Task brief → An exact repetition of the data is required; no picture should appear in it.

***** Information provided

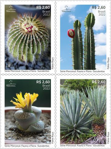 Os Correios lançaram, nesta semana, o selo especial da Série Mercosul: Fauna e Flora – Suculentas. Segundo a empresa, o 14° selo especial anunciado destaca a relevância e a beleza dessas plantas, capazes de acumular água no caule, nas folhas e até nas raízes.
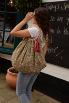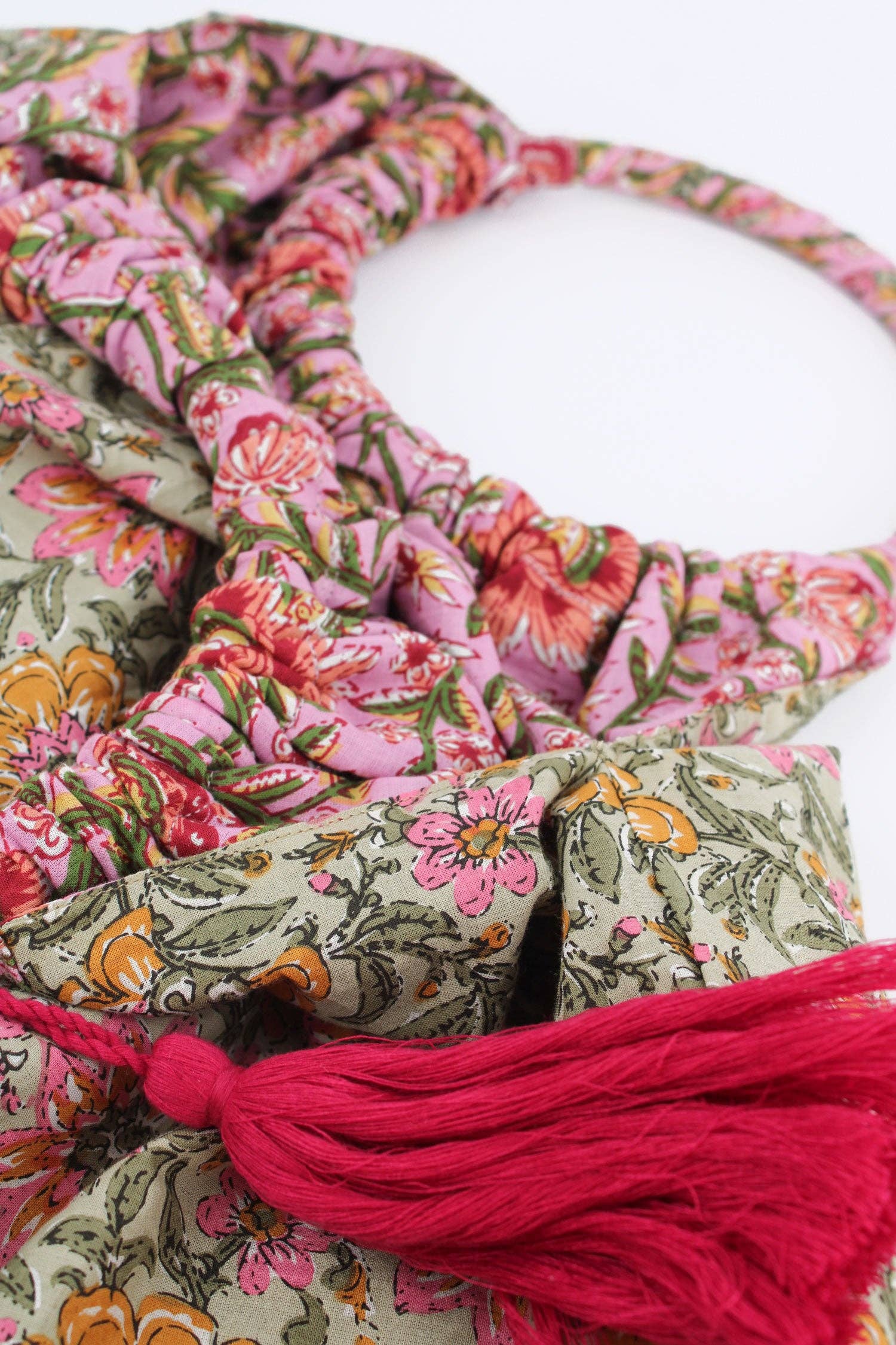 Elevate your style with our Pink and Green Reversible Bag. Made from luxurious cotton, this bag features stunning floral designs that can be flipped for two unique looks. Its circular handles and hand-dyed tassel add a touch of elegance. Indulge in the artistry of talented Indian artisans with the 40cm length and 62cm width of this must-have accessory.
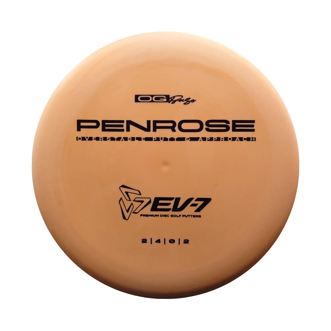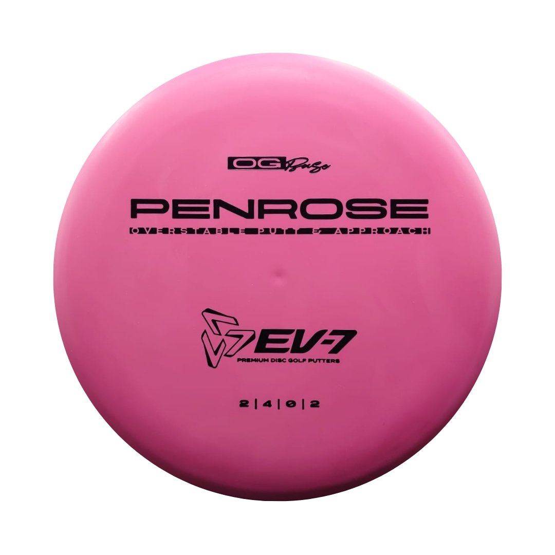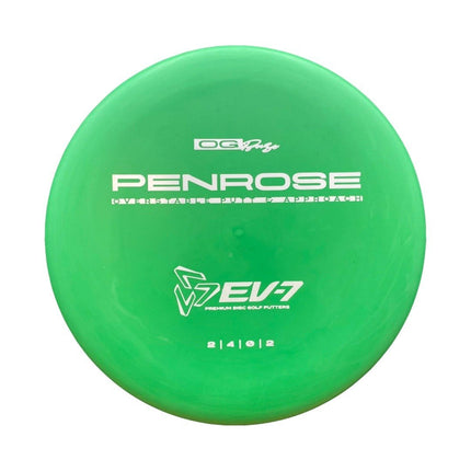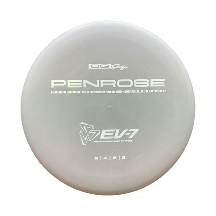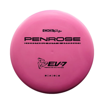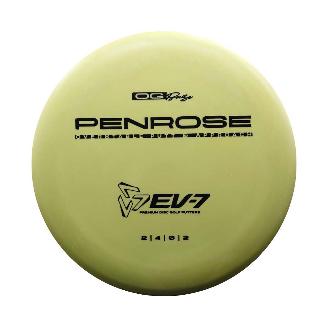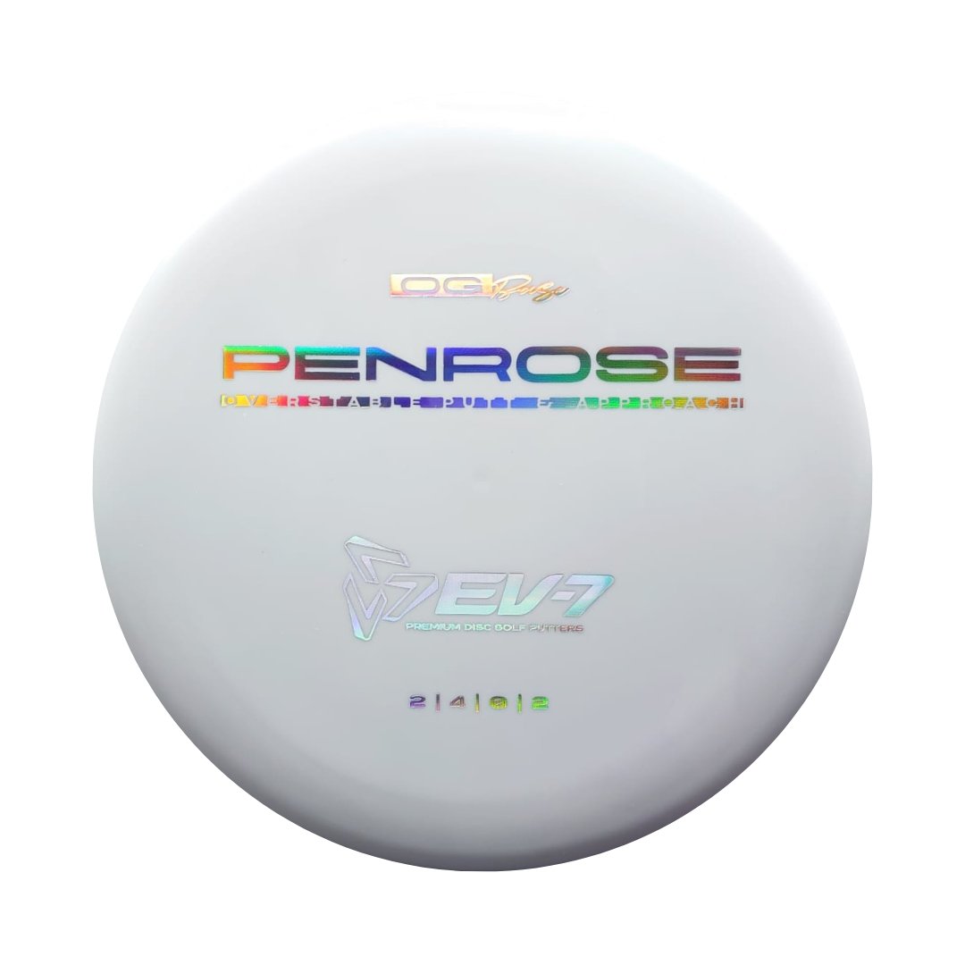 The Penrose is EV-7's debut putt and approach disc. It has reliable high-speed over stability and resistance to turn, but is uniquely straight with consistent fade at lower speeds on the putting green. With a slightly deeper profile, small bead, and smooth feel, the Penrose fits the hand comfortably, inspiring confidence for both putts and upshots.

**********

Written response →
 Os Correios lançaram, nesta semana, o selo especial da Série Mercosul: Fauna e Flora – Suculentas. Segundo a empresa, o 14° selo especial anunciado destaca a relevância e a beleza dessas plantas, capazes de acumular água no caule, nas folhas e até nas raízes.
 Elevate your style with our Pink and Green Reversible Bag. Made from luxurious cotton, this bag features stunning floral designs that can be flipped for two unique looks. Its circular handles and hand-dyed tassel add a touch of elegance. Indulge in the artistry of talented Indian artisans with the 40cm length and 62cm width of this must-have accessory.
 The Penrose is EV-7's debut putt and approach disc. It has reliable high-speed over stability and resistance to turn, but is uniquely straight with consistent fade at lower speeds on the putting green. With a slightly deeper profile, small bead, and smooth feel, the Penrose fits the hand comfortably, inspiring confidence for both putts and upshots.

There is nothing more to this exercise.